A comissão formada por senadores e deputados federais foi proposta pelo DEM, segundo o qual o Governo de Luiz Inácio Lula da Silva teria repassado US$ 65 milhões às entidades vinculadas ao MST nos últimos cinco anos.

O DEM obteve o respaldo de 210 deputados e 36 senadores, superando os dois terços em ambas as câmaras necessários para a abertura da investigação.

Senadores e deputados que apoiaram o DEM na abertura da CPI disseram ter aceitado a investigação por causa da recente ação do MST, que há duas semanas invadiu a fazenda da multinacional Cutrale e destruiu cerca de 7 mil pés de laranjeiras.

O MST justificou a ocupação alegando a discussão sobre a propriedade das terras da Crutale, se públicas ou privadas, assunto que desde 2006 está sob análise na justiça.

A destruição das laranjeiras foi recebida com indignação pelos partidos políticos e condenada até mesmo pelo presidente Lula, que considerou injustificável o ato de vandalismo por parte do movimento social.

O movimento camponês, antigo aliado de Lula e da esquerda, pressiona há 25 anos por uma reforma agrária radical, e é considerado pela direita um grupo violento que atenta contra a propriedade privada e dissemina o caos no campo.

Entre as bandeiras do MST está o combate aos latifúndios, à luta pela democratização da propriedade da terra e o enfrentamento às multinacionais que exploram os camponeses.
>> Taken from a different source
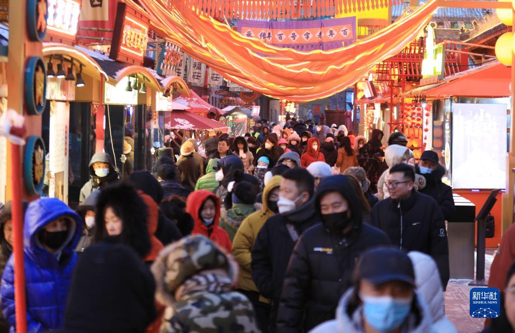 1月23日,市民在沈陽(yáng)新春皇寺廟會(huì )上游玩。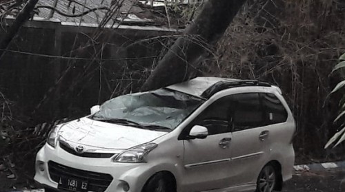 Data BPB dan Linmas Kota Surabaya, ada sekira 44 wilayah yang terdampak. Tak sedikit pohon tumbang menimpa pengendara mobil.

Há um mês, a oposição propôs a abertura de uma CPI para investigar o MST, mas a solicitação não teve êxito porque não conseguiu o mínimo necessário para abertura.

O Congresso vai definir na próxima semana quem serão os parlamentares que vão fazer parte da CPI, cujos trabalhos devem começar dentro de 15 dias.

A comissão terá um prazo inicial de três meses, que poderá ser prorrogado por mais três, levando a investigação para 2010, ou seja, para o ano eleitoral.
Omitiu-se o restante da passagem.